## What you have to do
Pull every line that includes the word "ролевой" from the data.

## Record extracts
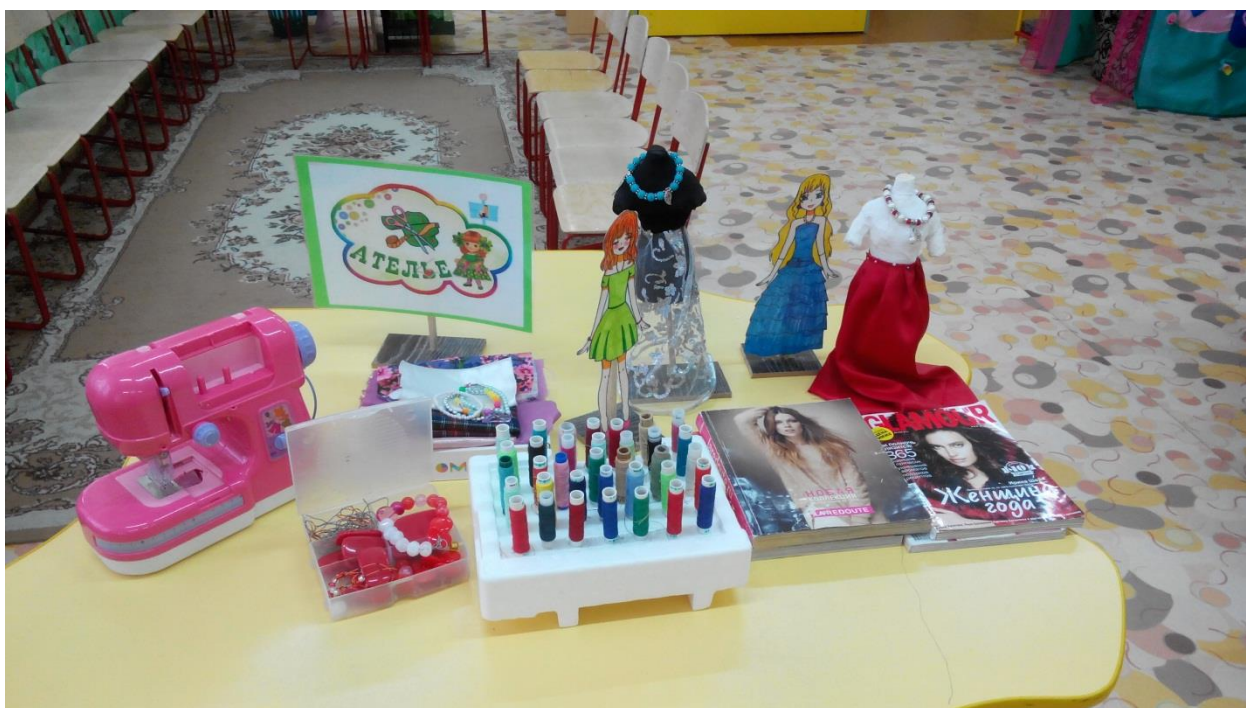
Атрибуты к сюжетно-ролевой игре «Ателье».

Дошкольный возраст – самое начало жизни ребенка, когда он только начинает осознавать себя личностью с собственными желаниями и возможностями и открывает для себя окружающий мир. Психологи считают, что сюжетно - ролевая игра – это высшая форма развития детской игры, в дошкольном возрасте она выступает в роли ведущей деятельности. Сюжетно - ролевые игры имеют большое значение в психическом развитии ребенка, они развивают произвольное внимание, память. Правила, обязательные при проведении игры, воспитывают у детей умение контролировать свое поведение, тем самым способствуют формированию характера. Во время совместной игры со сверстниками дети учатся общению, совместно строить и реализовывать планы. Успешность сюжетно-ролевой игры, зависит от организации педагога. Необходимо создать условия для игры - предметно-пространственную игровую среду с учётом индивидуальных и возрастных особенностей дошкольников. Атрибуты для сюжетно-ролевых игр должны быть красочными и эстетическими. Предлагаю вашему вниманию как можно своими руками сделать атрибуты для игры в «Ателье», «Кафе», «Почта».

---

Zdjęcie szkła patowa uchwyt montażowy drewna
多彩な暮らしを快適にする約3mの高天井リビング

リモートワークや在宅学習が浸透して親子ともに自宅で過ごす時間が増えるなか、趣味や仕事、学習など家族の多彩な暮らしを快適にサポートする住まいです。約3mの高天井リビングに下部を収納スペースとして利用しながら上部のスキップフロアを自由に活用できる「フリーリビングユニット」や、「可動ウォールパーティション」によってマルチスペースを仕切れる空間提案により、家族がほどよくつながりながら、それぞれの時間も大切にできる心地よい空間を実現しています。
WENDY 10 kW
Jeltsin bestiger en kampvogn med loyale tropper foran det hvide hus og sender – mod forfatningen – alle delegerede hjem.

## Output for this task
Атрибуты к сюжетно-ролевой игре «Ателье».
Дошкольный возраст – самое начало жизни ребенка, когда он только начинает осознавать себя личностью с собственными желаниями и возможностями и открывает для себя окружающий мир. Психологи считают, что сюжетно - ролевая игра – это высшая форма развития детской игры, в дошкольном возрасте она выступает в роли ведущей деятельности. Сюжетно - ролевые игры имеют большое значение в психическом развитии ребенка, они развивают произвольное внимание, память. Правила, обязательные при проведении игры, воспитывают у детей умение контролировать свое поведение, тем самым способствуют формированию характера. Во время совместной игры со сверстниками дети учатся общению, совместно строить и реализовывать планы. Успешность сюжетно-ролевой игры, зависит от организации педагога. Необходимо создать условия для игры - предметно-пространственную игровую среду с учётом индивидуальных и возрастных особенностей дошкольников. Атрибуты для сюжетно-ролевых игр должны быть красочными и эстетическими. Предлагаю вашему вниманию как можно своими руками сделать атрибуты для игры в «Ателье», «Кафе», «Почта».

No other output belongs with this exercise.